**Task to carry out**: If pictures appear in the lines below, skip them and copy exactly the lines from the one containing "The undersea adventures" through the one containing "今朝は、読み聞かせボランティ", and nothing else.

=== Data to examine ===

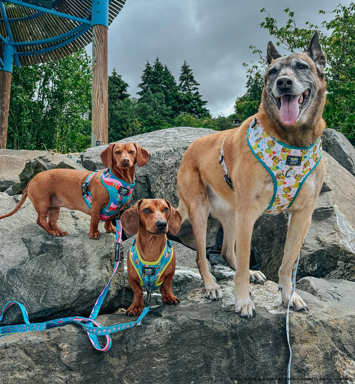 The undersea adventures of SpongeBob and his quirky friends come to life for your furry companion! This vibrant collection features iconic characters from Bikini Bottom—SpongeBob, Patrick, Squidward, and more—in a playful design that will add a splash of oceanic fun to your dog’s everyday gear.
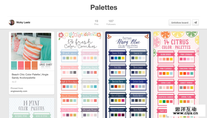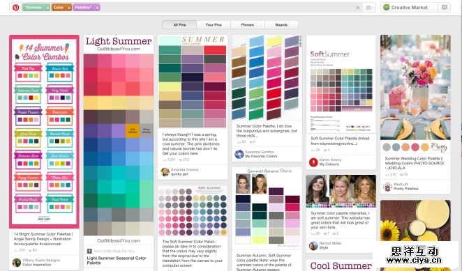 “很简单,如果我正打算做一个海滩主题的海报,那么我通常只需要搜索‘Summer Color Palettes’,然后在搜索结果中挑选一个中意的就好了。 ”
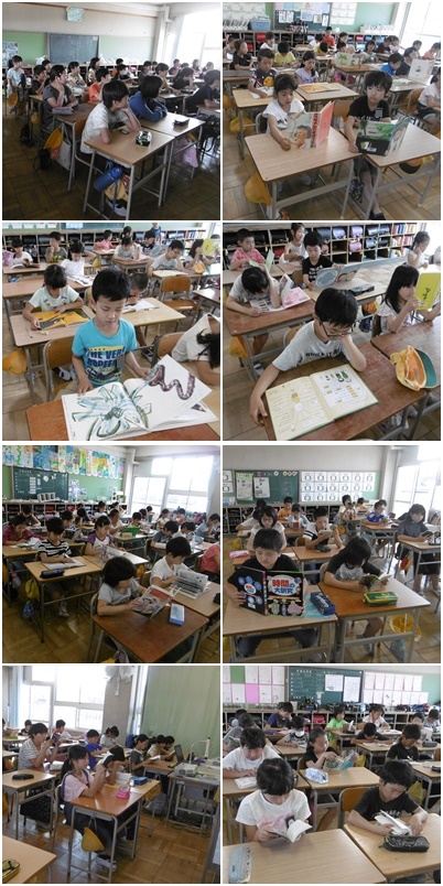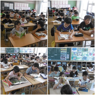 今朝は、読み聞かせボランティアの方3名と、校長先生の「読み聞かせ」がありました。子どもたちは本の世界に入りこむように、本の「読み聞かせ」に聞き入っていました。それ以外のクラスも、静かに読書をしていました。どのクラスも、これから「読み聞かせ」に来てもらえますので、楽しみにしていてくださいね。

===
=== Data to examine ===

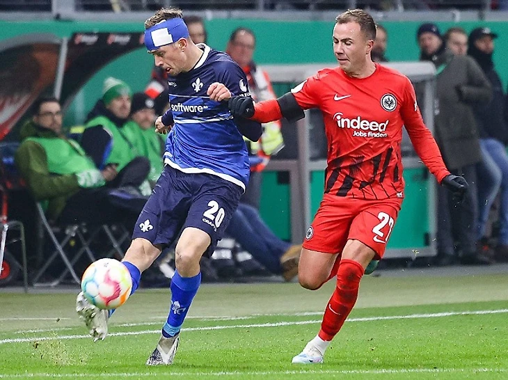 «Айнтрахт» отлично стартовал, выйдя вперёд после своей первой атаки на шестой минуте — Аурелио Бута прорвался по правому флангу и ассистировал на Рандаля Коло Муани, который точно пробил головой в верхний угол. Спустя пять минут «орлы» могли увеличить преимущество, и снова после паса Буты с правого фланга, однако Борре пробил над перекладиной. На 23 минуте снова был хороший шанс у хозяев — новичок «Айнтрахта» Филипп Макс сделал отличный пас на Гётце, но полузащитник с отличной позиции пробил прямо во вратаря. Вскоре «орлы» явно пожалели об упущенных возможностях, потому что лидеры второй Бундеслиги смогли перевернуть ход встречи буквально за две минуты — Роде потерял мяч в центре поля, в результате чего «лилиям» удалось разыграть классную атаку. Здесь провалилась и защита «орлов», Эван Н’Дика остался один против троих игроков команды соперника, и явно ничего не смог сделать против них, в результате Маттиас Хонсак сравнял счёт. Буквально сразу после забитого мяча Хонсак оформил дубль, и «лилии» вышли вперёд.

===

**Solution for this task**:
 The undersea adventures of SpongeBob and his quirky friends come to life for your furry companion! This vibrant collection features iconic characters from Bikini Bottom—SpongeBob, Patrick, Squidward, and more—in a playful design that will add a splash of oceanic fun to your dog’s everyday gear.
 “很简单,如果我正打算做一个海滩主题的海报,那么我通常只需要搜索‘Summer Color Palettes’,然后在搜索结果中挑选一个中意的就好了。 ”
 今朝は、読み聞かせボランティアの方3名と、校長先生の「読み聞かせ」がありました。子どもたちは本の世界に入りこむように、本の「読み聞かせ」に聞き入っていました。それ以外のクラスも、静かに読書をしていました。どのクラスも、これから「読み聞かせ」に来てもらえますので、楽しみにしていてくださいね。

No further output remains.